In the DDM_S, two components of the drift rate can be dissociated: the asymptote of the drift rate scaling function (v_max), that is, the maximum drift rate that is approached as value differences increase, and the slope of the sigmoid (v_coeff). In both tasks, there was no evidence for a group difference in v_max (see Table 5 and Figures 6d, 7d) and both difference distributions were centered at 0. Across tasks and groups, the value scaling parameter for the drift rate (v_coeff) was generally > 0, reflecting a robust positive effect of value differences on the rate of evidence accumulation (see Figure 6d, 7d). Interestingly, the drift rate slope parameter (v_coeff) was increased in the mOFC patients for both tasks, an effect that was substantial for the temporal discounting data. Here, the posterior distribution also had a much higher variance compared to the control group. This was driven by 4/9 mOFC patients who had v_coeff estimates that fell substantially beyond the values observed in controls and in the remaining patients (mean v_coeff estimates: P1: 17.89, P3: 8.32, P4: 3.38, P5: 4.70). These extreme cases included the patient with the lowest discount rate (P1 log(k)_now: −10.53) and the patient with the second highest discount rate (P4 log(k)_now: −2.28).

Discussion

We compared different choice rules for modeling inter-temporal and risky choice / probability discounting in healthy controls and patients with mOFC lesions. For each task we examined a standard softmax action selection function and three variants of the drift diffusion model (DDM). Across tasks, the data were better accounted for by a DDM with a non-linear mapping of value differences onto the drift rate (DDM_S) than by a DDM with linear mapping (DDM_lin) or a null model without any value modulation (DDM₀). In a series of further model checks, we verified 1) the consistency between choice model parameters estimated via the DDM_S as compared to a standard softmax choice rule, 2) the correspondence between observed RT distributions and RT distributions simulated from the estimated posterior distributions (posterior predictive checks) for each individual participant and 3) the expected associations between the DDM parameters non-decision time and boundary separation and non-parametric RT measures. We then used the DDM_s to reproduce our previous results on temporal discounting in patients with mOFC lesions³⁰, to characterize risk-taking behavior in mOFC patients, and to explore group differences in choice dynamics across tasks.

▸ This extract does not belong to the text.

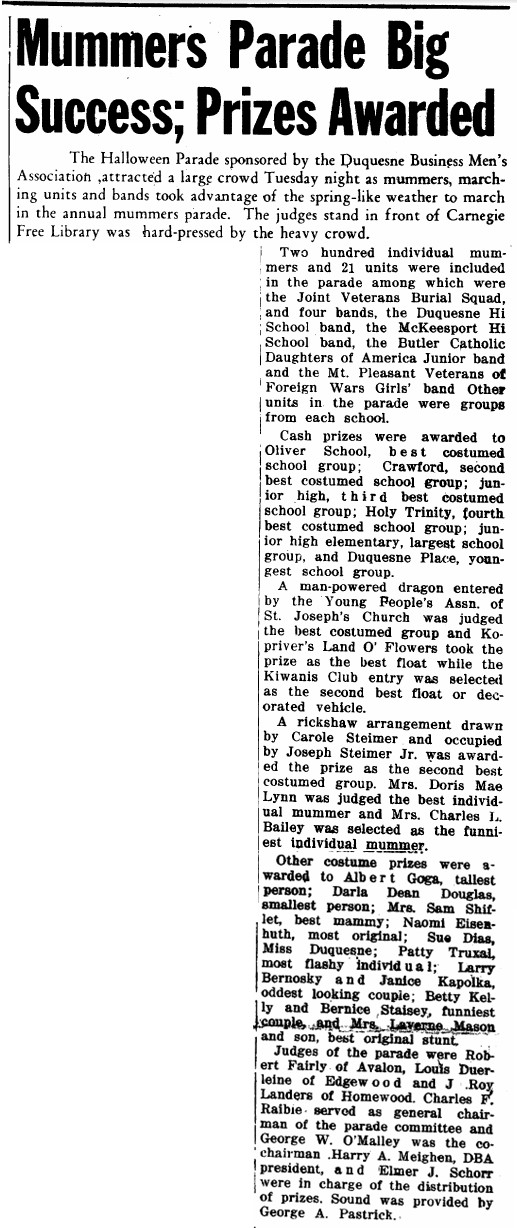 Funny you should write about Halloween after reading the Times. I was recently looking through 1930 issues of the Duquesne Times, and the Mummers Parade articles really sent me down memory lane as well. Halloween was sure different when I was a kid. My mother always sewed us unique costumes out of old drapes or inexpensive fabric, and we would participate in parades. Her costumes frequently won prizes in the competitions associated with the parades. I also remember we always had a Leonard Staisey campaign sign out in our front yard at election time! I personally did not know him, but my dad did. And yes, Candy was safe to eat and we got so many full size candy bars in our stash! Now those were the days! Thanks for the memories, Jim!

Previous studies have successfully incorporated RTs in the modeling of value-based decision-making, e.g. via the linear ballistic accumulator model¹⁵ or linear regression¹². Here we build on recent work in reinforcement learning^11,13,14 and examined the degree to which the drift diffusion model could be used as the choice rule in temporal discounting and risky choice. In line with a recent model comparison in reinforcement learning¹⁴, our model comparison of linear vs. non-linear value scaling revealed a superior fit of the DDM with non-linear (sigmoid) value scaling both for temporal discounting and risky choice data. Posterior predictive checks of the winning models revealed a reasonably good fit to the observed RT distributions of most individual participants. However, in a few participants, models tended to underestimate RTs for choices towards the lower boundary, and this was perhaps most evident in the case of the risky choice data in some of the mOFC patients.

One advantage of hierarchical Bayesian parameter estimation is that robust model fits can be obtained with fewer data points than are typically required for maximum likelihood estimation^57,58, and this is also the case for the drift diffusion model⁵⁷. The reason is that in contrast to obtaining single-subject point estimates of parameters (as in maximum likelihood estimation), in hierarchical Bayesian estimation, the group-level distribution of parameters constrains and informs the parameters estimated for each participant. One consequence of this is shrinkage⁵⁸ or partial pooling, such that in a hierarchical model individual parameter estimates tend to be drawn towards the group mean. While this can improve the predictive accuracy of parameters, there is the possibility that meaningful between-subjects variability is removed⁵⁹. Nonetheless, we believe that for situations with limited data per subject⁵⁷, the hierarchical Bayesian estimation approach is most appropriate.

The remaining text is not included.